Tag: Altmetrics

  • Research Intelligence

    Research Intelligence

    This presentation reflects upon the report “Users, narcissism and control” from Paul Wouters & Rodrigo Costas (CWTS) [download Users narcissism and control]

    In this presentation we make the bold statement that research policy and reward system is build upon a very small and thin layer of information. Yet the full spectrum contains much richer information. This presentation explains how this rich layer looks like and what information it contains in different layers of abstraction, and how it connects with policy and decision making in the end. This is the business case for the Dutch goverment to introduce performance indicators.

    This presentation suggests that one can do more with these indicators, such as discovering trends, and making analytics. For example making correlations between the downloads and mentions about publications or scientific instruments increases the Shanhai-index by x% in two years time. This can make a shift policy for universities to invest more in open access and in marketing their projects better.

    To support this abundance of information and making cross-domain analysis, one needs a cluster of computing power, storage, and has to arrange licences. This can be done with an array of partners in the Netherlands, creating a middelware infrastructure for Research Information (RI). Universities and research institutes who want to use this RI-middelware infrastructure (RIMI) can subscribe. The RIMI provides raw output and calculated output for services to draw from, services used by the subscribers. These services can be for example, a research information dashboard for individuals, for institutions, for funders and for ministries.
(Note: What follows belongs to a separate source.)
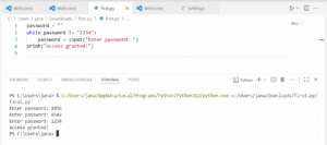 ويمكن أيضًا استخدام الحلقة لتكرار إدخال المستخدم حتى يكتب كلمة المرور الصحيحة:

It can be used in services that want to visualise semantic-web like relations of the academic information domain. It can be use for resolution mechanisms, research portals, catalogue search systems, etc. The main point is that all these services easily can be build, because the information openly available, in machine reabable formats based on internationally accepted standards so that developers can work with it right away. The information comes from trusted sources, and is as clean as possible, to reduce the noise amplification in the processes later on when the data is compared, combined, calculated and correlated.
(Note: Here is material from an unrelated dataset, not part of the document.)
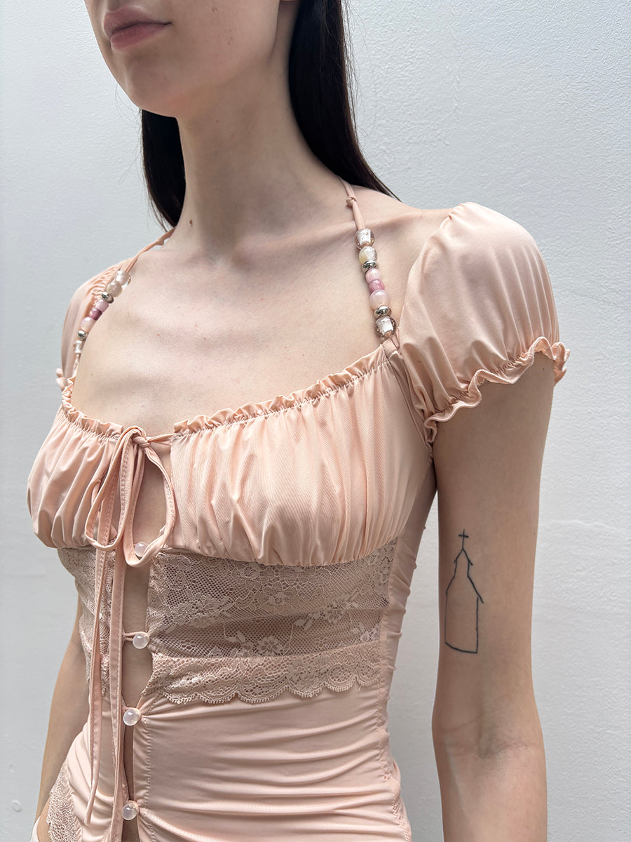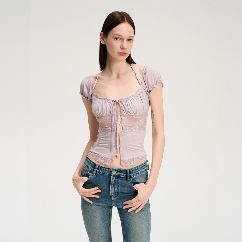 Dotyears Forest Whispers Series - Light-colored lace stitched beaded cardigan

    2012 12-12 research analytics – idea from maurice.vanderfeesten

    Disclaimer: This presentation is just an idea, and it contains organisations in fictional situations. It is a proposal, and does not reflect the current situation.

  • Article Level Metrics

    Article Level Metrics

    In response to Martin Fenner’s interview with himself.

    Hi Martin, I’ve got the link of you Blog Post from Najko Jahn – Bielefeld University. I wish you all the best at Plos-One ALM.

    Just for you to know as technical lead: DFG (DE), JISC (UK), DEFF (DK) and SURF (NL) worked together on guidelines for exchanging article level metrics in a transparent manner. The reason to do this is to be able to compare the statistical usage data that comes from various distributed locations, eg. repositories, but also publishers in the future. You might want to look at these KE Guidelines for the aggregation and exchange of Usage Data .
    Dutch repositories already aggregate the Article Level Metics from each repository, and can create a National overview of this data. The EU project OpenAIRE also use these guidelines for Europe-wide data exchange on these metrics. A neat thing is that the Article data can be aggregated on Author level once you know the Author ID. This is being tested in NARCIS right now, results look great.

    Plos-One ALM has been a great source of inspiration and motivation for these kind of projects, so keep up the good work!